Provided data:
☆ ☆ ☆ ☆

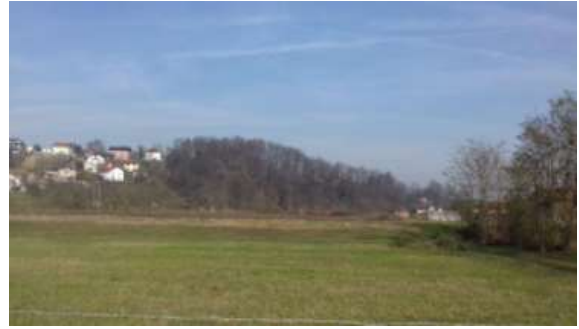
SLIKA – Pogled na lokaciju sa juga
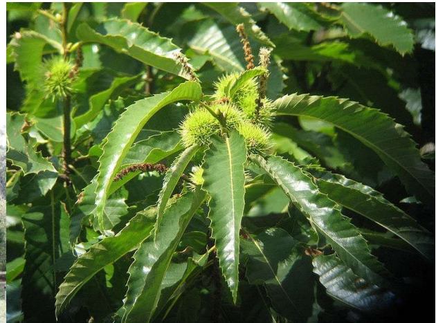
Castanea sativa .
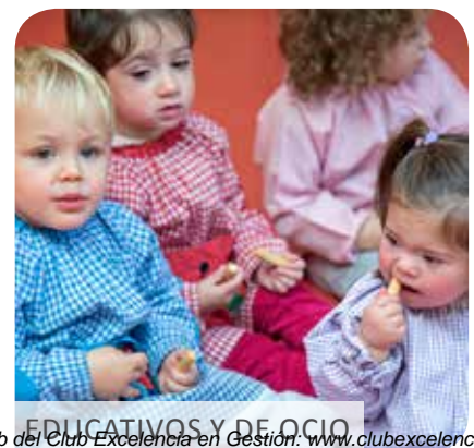
EDUCATIVOS Y DE OCIO
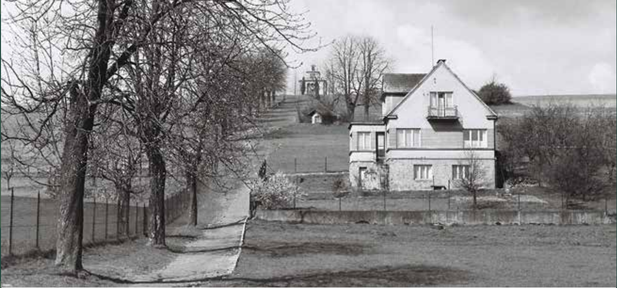
Aleja na Kaplicówkę prowadząca do kaplicy św. Jana Sarkandra, 1961 rok

☆ ☆ ☆ ☆

What to do: Reproduce the material above in full and without alteration, but skip all pictures.

Response to the task:
SLIKA – Pogled na lokaciju sa juga
Castanea sativa .
EDUCATIVOS Y DE OCIO
Aleja na Kaplicówkę prowadząca do kaplicy św. Jana Sarkandra, 1961 rok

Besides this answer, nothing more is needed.